- Active: 23 November 1941 – 18 January 1943
- Allegiance: Nazi Germany
- Branch: Schutzmannschaft Estonian Auxiliary Police
- Type: Auxiliary police
- Role: Rear security
- Size: Battalion (438 as of August 1942)
- Part of: SS of Nazi Germany
- Engagements: Nazi security warfare Battle of Stalingrad

Commanders
- Notable commanders: Harald Riipalu

= 36th Estonian Police Battalion =

Nazi Germany auxiliary police unit

36th Estonian Police Battalion (also known as Schutzmannschaft Front Bataillon 36 Arensburg (German) and 36. Kaitse Rindepataljon (Estonian)) was an Estonian rear-security unit during World War II that operated under command of the German SS.

==Operational history==
The 36th Estonian Police Battalion was established on 23 November 1941 in western Estonia and on Estonian islands. Between May and August 1942, the battalion was in training and received reinforcements from other units, bringing its total strength to 23 officers, 161 non-commissioned officers, and 254 troops.
It participated at Anti-partisan operations in Belarus and guarded the prisoner-of-war camps in the coal mines of Stalino and Makeyevka. From 22 November to 31 December 1942 the battalion took part of the Battle of Stalingrad. Having had 39 killed, 97 wounded, and 11 missing, the battalion was brought back to Estonia in January 1943 and disbanded, with many men joining the Estonian Legion.
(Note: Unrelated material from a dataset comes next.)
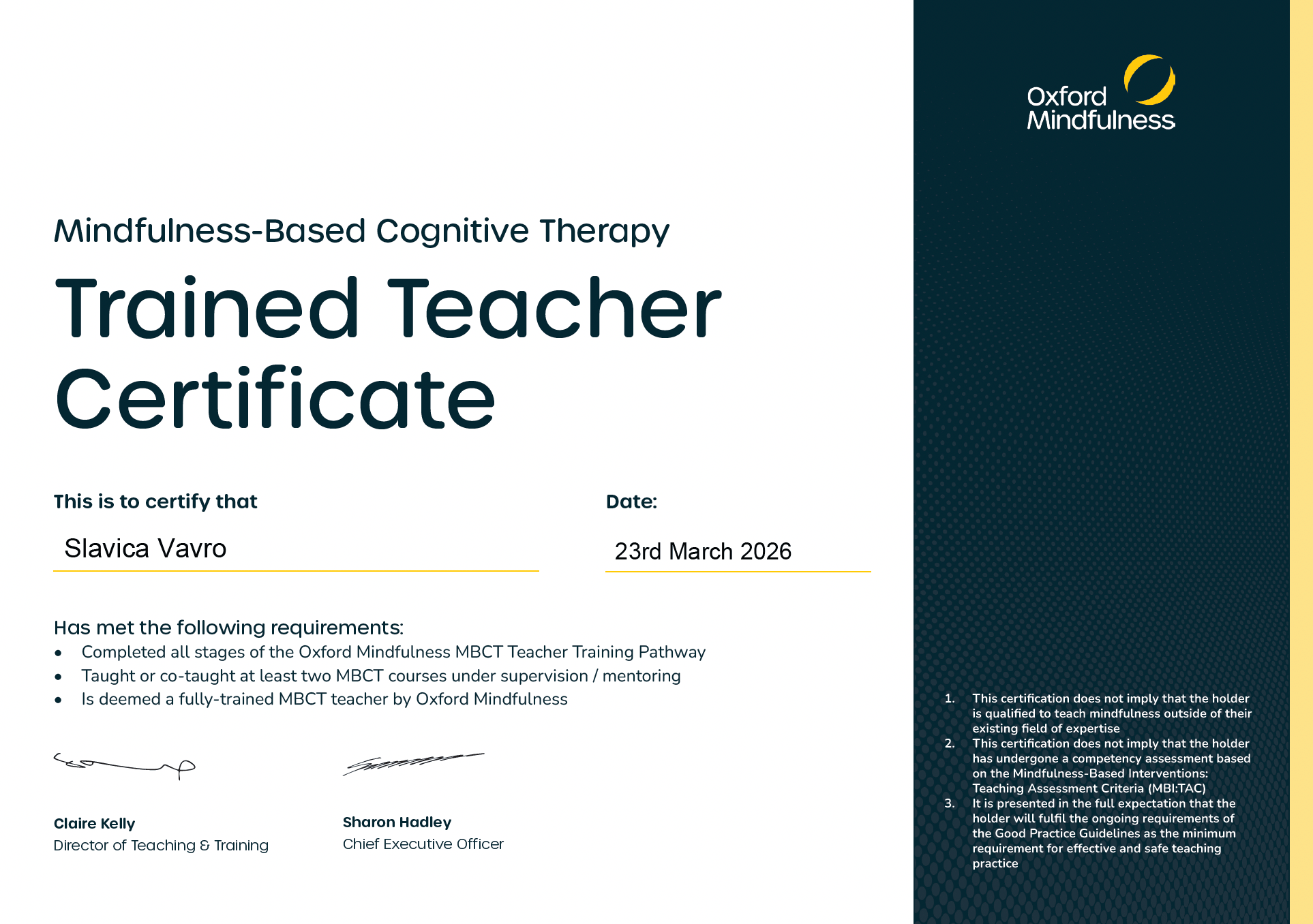 Certificirani Mindfulness učitelj (Oxford Mindfulness Foundation)

The 36th battalion was formed again in May 1943, and in autumn was sent to the front at Nevel where it was merged into the 288th battalion.

==Massacre at Novogrudok==
On 6 and 7 August 3000 to 5000 Jews were killed in the area of Novogrudok, Belarus. The 36th battalion was in the area from 4 August to 25 August 1942. The battalion's 16 August report said that the battalion was engaged in "fighting against partisans".

According to the Estonian International Commission for Investigation of Crimes Against Humanity, "the 36th Police Battalion participated on August 7, 1942 in the gathering together and shooting of almost all Jews still surviving in the town of Novogrudok". The Commission's report noted:

In the published records, this unit was described as fighting against partisans at the time. The Commission believes that although there clearly were numerous engagements between police units and partisans, "fighting against partisans" and "guarding prisoner of war camps" were at times ways of describing participation in actions against civilians, including Jews.

The Estonian Internal Security Service (KaPo) investigation into the battalion's activities concluded that there was no evidence about participation in war crimes or crimes against humanity.